Problem description:
In the data below, locate the line containing "Используем 1 стакан" and the line containing "新的一年推出全新的電子手帳,讓俏皮活潑的", then retype both and everything between them exactly. Pictures are not part of the copy.

Supplied material:

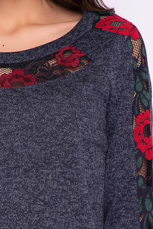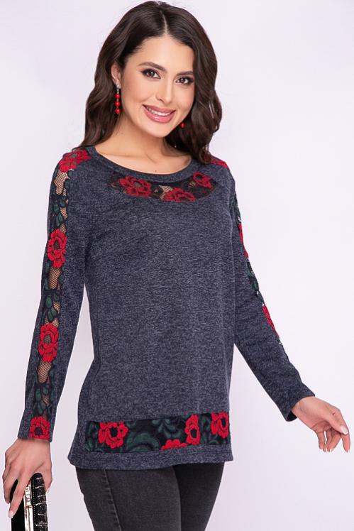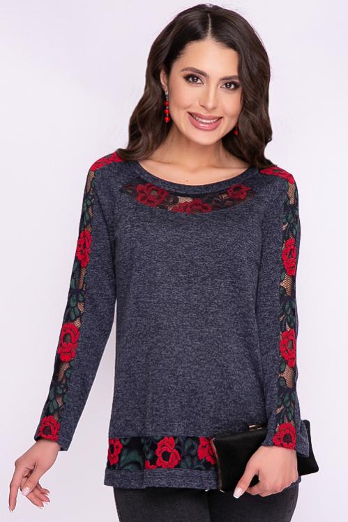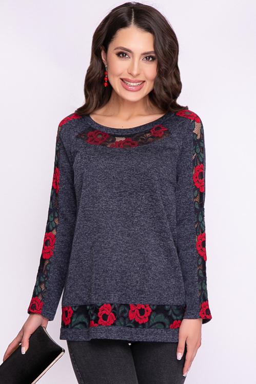Блузка из трикотажного полотна украшена хлопковым кружевом. Cостав: 30% вискоза,65% п-э,5% лайкра
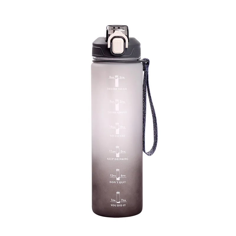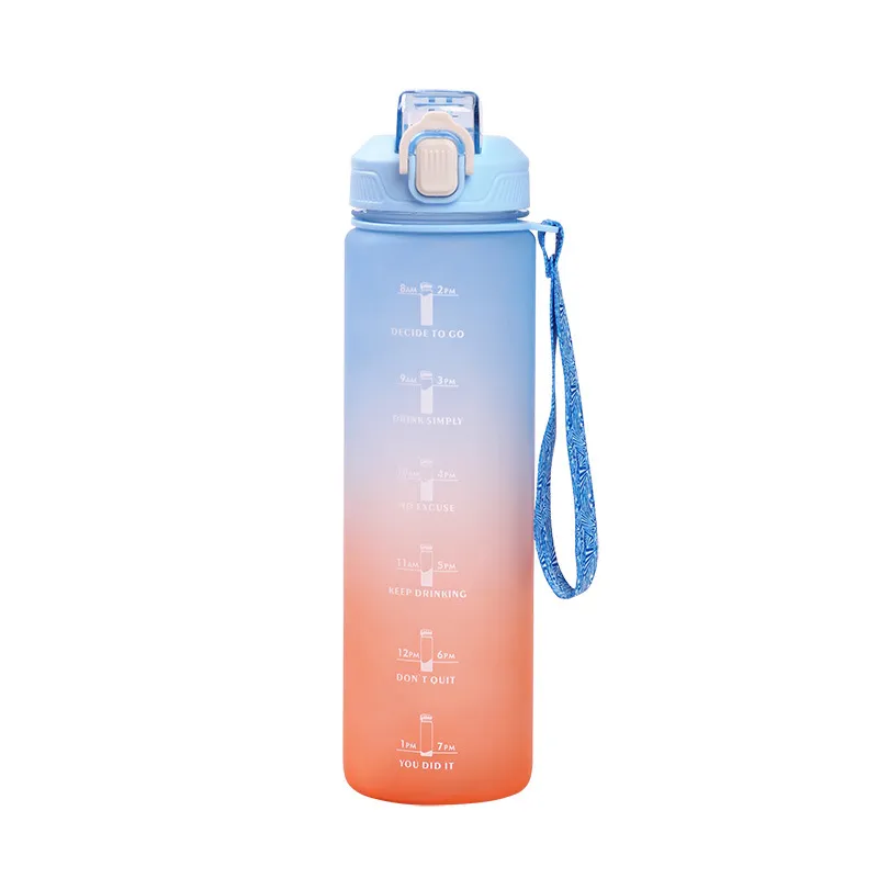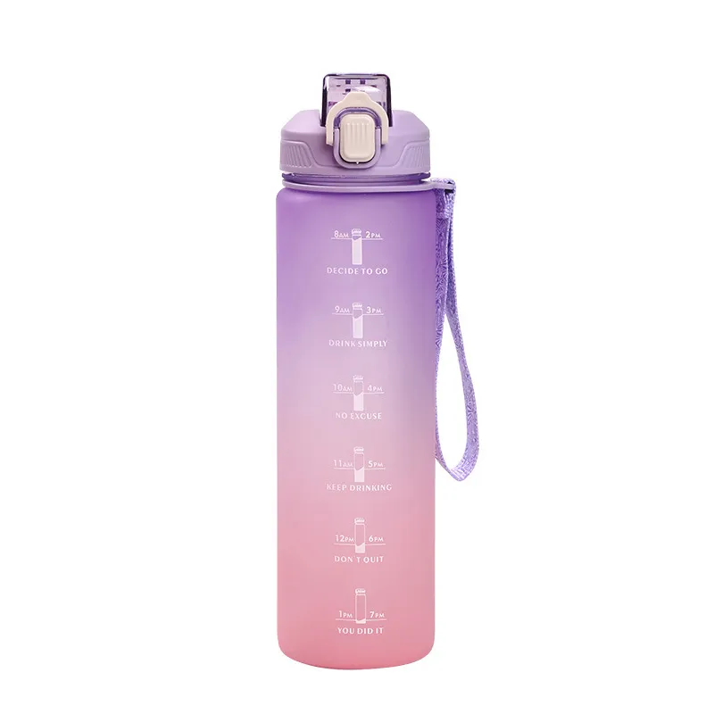 새로운 패셔너블한 대용량 야외 프로스트 플라스틱 컵 그라데이션 스포츠 휴대용 물병 눈부신 컬러 공간 직접 식수 컵
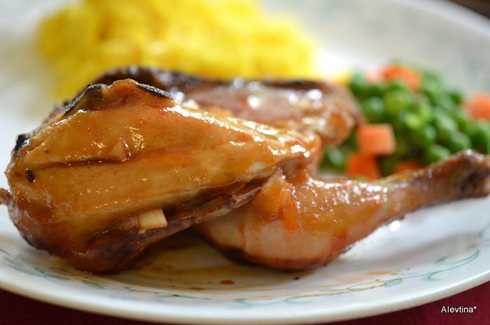 Используем 1 стакан соуса. Обмазываем со всех сторон кисточкой птицу.
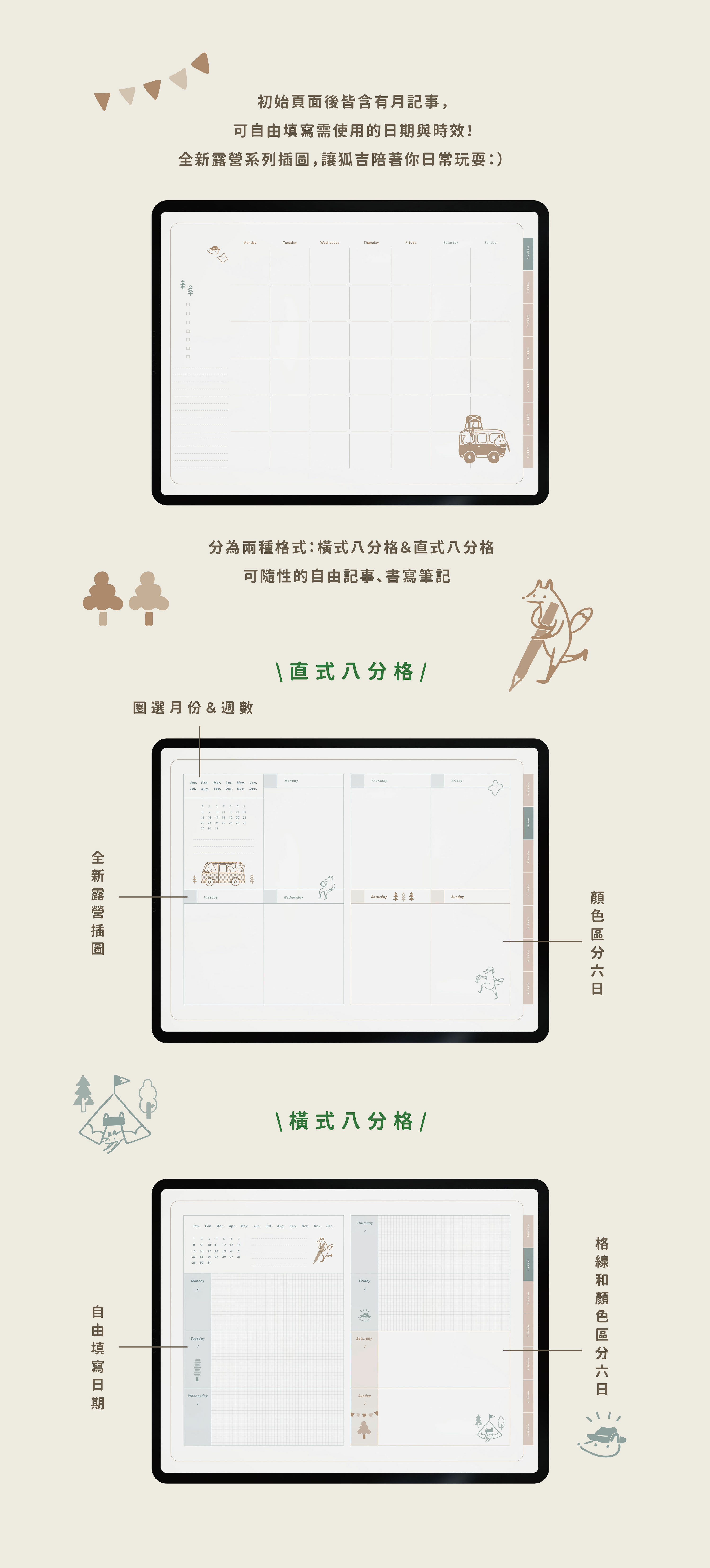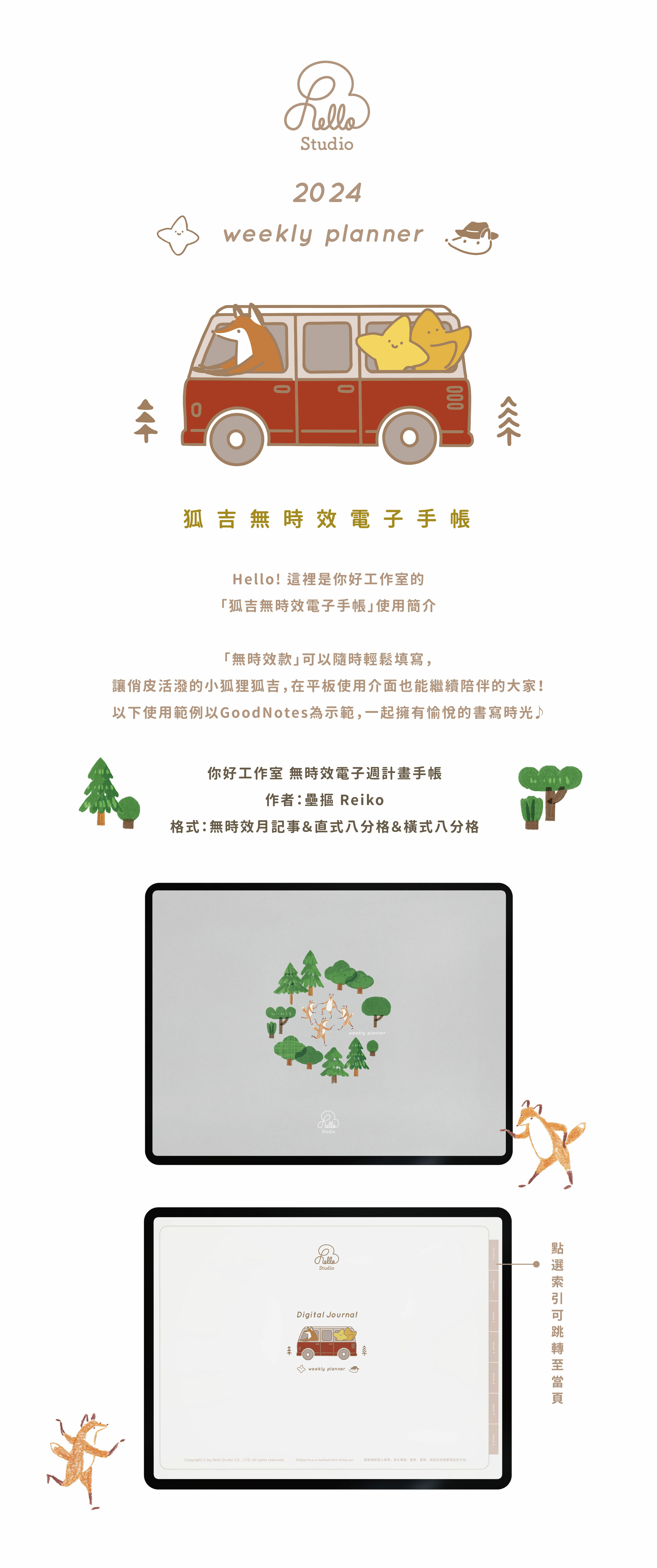 新的一年推出全新的電子手帳,讓俏皮活潑的小狐狸狐吉,在平板使用介面也能繼續陪伴的大家。
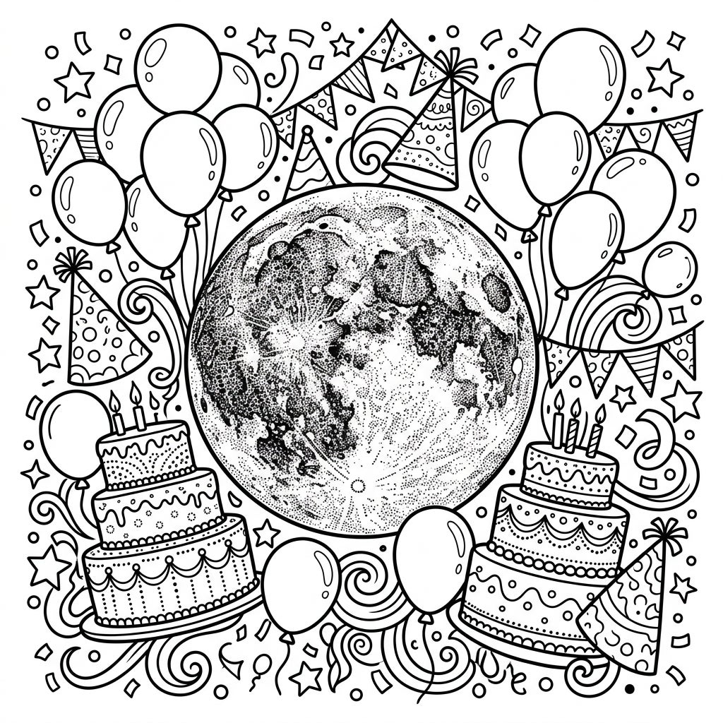 Dive into a universe of celebration with this unique coloring page! At its heart lies a majestic celestial moon, rendered with intricate dot work patterns that beautifully capture its craters and mystical texture. This isn't just any moon; it's the centerpiece of a fantastical birthday party, surrounded by a delightful array of festive elements designed to spark your imagination. Discover the joy in every detail, from the textured lunar surface to the playful party adornments that swirl around it.
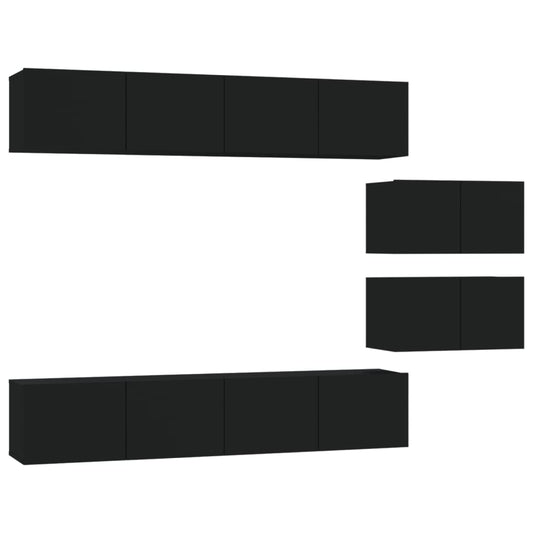 Ausverkauft8-tlg. TV-Schrank-Set Schwarz Holzwerkstoff
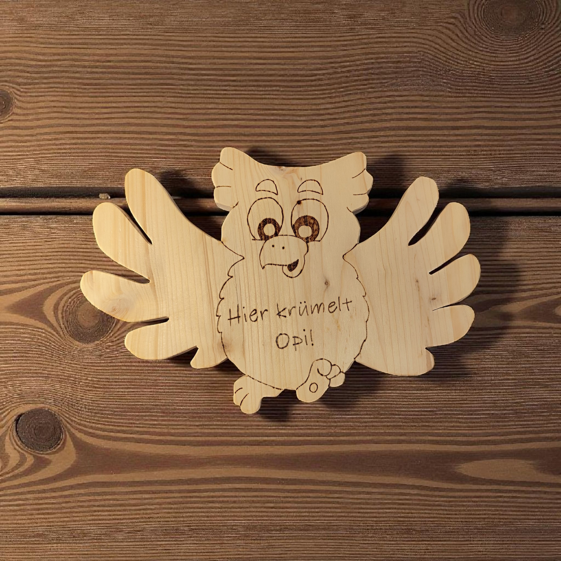 Holz gesägt, geschliffen, Brandmalerei, Handgezeichnet.
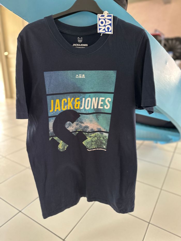 Tee-shirt bleu marine avec impression devant taille 16 ans Jack and Jones NEUF - photo numéro 1
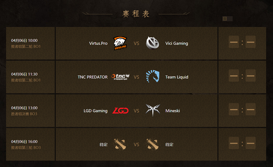 败者组第二轮,VG将于VP狭路相逢,他们期待着你的助威。而LGD将在胜者组决赛对阵Mineski,谁能率先进入总决赛?我们期待着悬念揭晓。
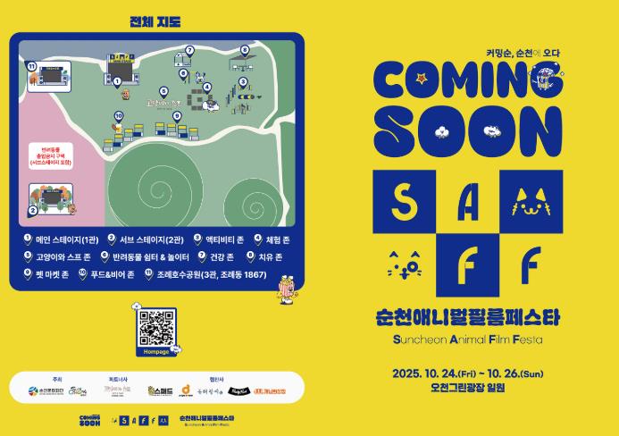 [메이저뉴스]순천시와 순천문화재단에서 오는 24일부터 26일까지 3일간, 반려동물과 함께 즐길 수 있는 특별한 야외 영화축제 ‘2025 순천애니멀필름페스타(SAFF)’를 공동으로 개최한다.
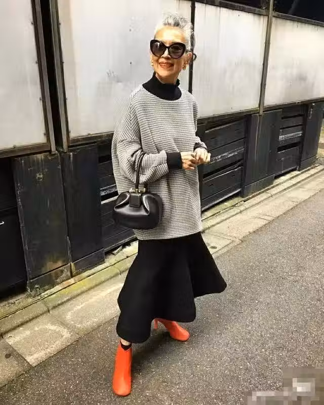 灰色套頭衫搭配黑色魚尾裙,內藤奶奶這套穿搭選用的是基礎款但比較有設計感的單品。中長的套頭衛衣慵懶又隨意,和半高領的黑色魚尾裙疊穿,時髦又顯俏皮,再利用一雙亮色系的鞋子做搭配,便綜合了冷色調帶來的嚴肅感,顯得俏皮時尚。
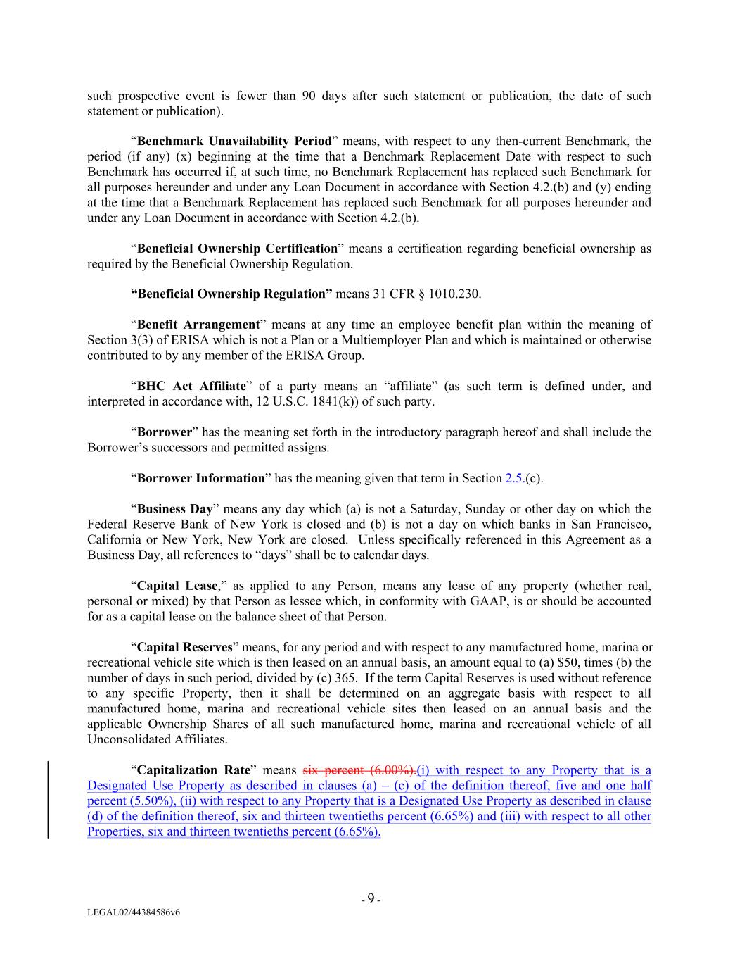 such prospective event is fewer than 90 days after such statement or publication, the date of such statement or publication). “Benchmark Unavailability Period” means, with respect to any then-current Benchmark, the period (if any) (x) beginning at the time that a Benchmark Replacement Date with respect to such Benchmark has occurred if, at such time, no Benchmark Replacement has replaced such Benchmark for all purposes hereunder and under any Loan Document in accordance with Section 4.2.(b) and (y) ending at the time that a Benchmark Replacement has replaced such Benchmark for all purposes hereunder and under any Loan Document in accordance with Section 4.2.(b). “Beneficial Ownership Certification” means a certification regarding beneficial ownership as required by the Beneficial Ownership Regulation. “Beneficial Ownership Regulation” means 31 CFR § 1010.230. “Benefit Arrangement” means at any time an employee benefit plan within the meaning of Section 3(3) of ERISA which is not a Plan or a Multiemployer Plan and which is maintained or otherwise contributed to by any member of the ERISA Group. “BHC Act Affiliate” of a party means an “affiliate” (as such term is defined under, and interpreted in accordance with, 12 U.S.C. 1841(k)) of such party. “Borrower” has the meaning set forth in the introductory paragraph hereof and shall include the Borrower’s successors and permitted assigns. “Borrower Information” has the meaning given that term in Section 2.5.(c). “Business Day” means any day which (a) is not a Saturday, Sunday or other day on which the Federal Reserve Bank of New York is closed and (b) is not a day on which banks in San Francisco, California or New York, New York are closed. Unless specifically referenced in this Agreement as a Business Day, all references to “days” shall be to calendar days. “Capital Lease,” as applied to any Person, means any lease of any property (whether real, personal or mixed) by that Person as lessee which, in conformity with GAAP, is or should be accounted for as a capital lease on the balance sheet of that Person. “Capital Reserves” means, for any period and with respect to any manufactured home, marina or recreational vehicle site which is then leased on an annual basis, an amount equal to (a) $50, times (b) the number of days in such period, divided by (c) 365. If the term Capital Reserves is used without reference to any specific Property, then it shall be determined on an aggregate basis with respect to all manufactured home, marina and recreational vehicle sites then leased on an annual basis and the applicable Ownership Shares of all such manufactured home, marina and recreational vehicle of all Unconsolidated Affiliates. “Capitalization Rate” means six percent (6.00%).(i) with respect to any Property that is a Designated Use Property as described in clauses (a) – (c) of the definition thereof, five and one half percent (5.50%), (ii) with respect to any Property that is a Designated Use Property as described in clause (d) of the definition thereof, six and thirteen twentieths percent (6.65%) and (iii) with respect to all other Properties, six and thirteen twentieths percent (6.65%). - 9 - LEGAL02/44384586v6

Output:
 Используем 1 стакан соуса. Обмазываем со всех сторон кисточкой птицу.
 新的一年推出全新的電子手帳,讓俏皮活潑的小狐狸狐吉,在平板使用介面也能繼續陪伴的大家。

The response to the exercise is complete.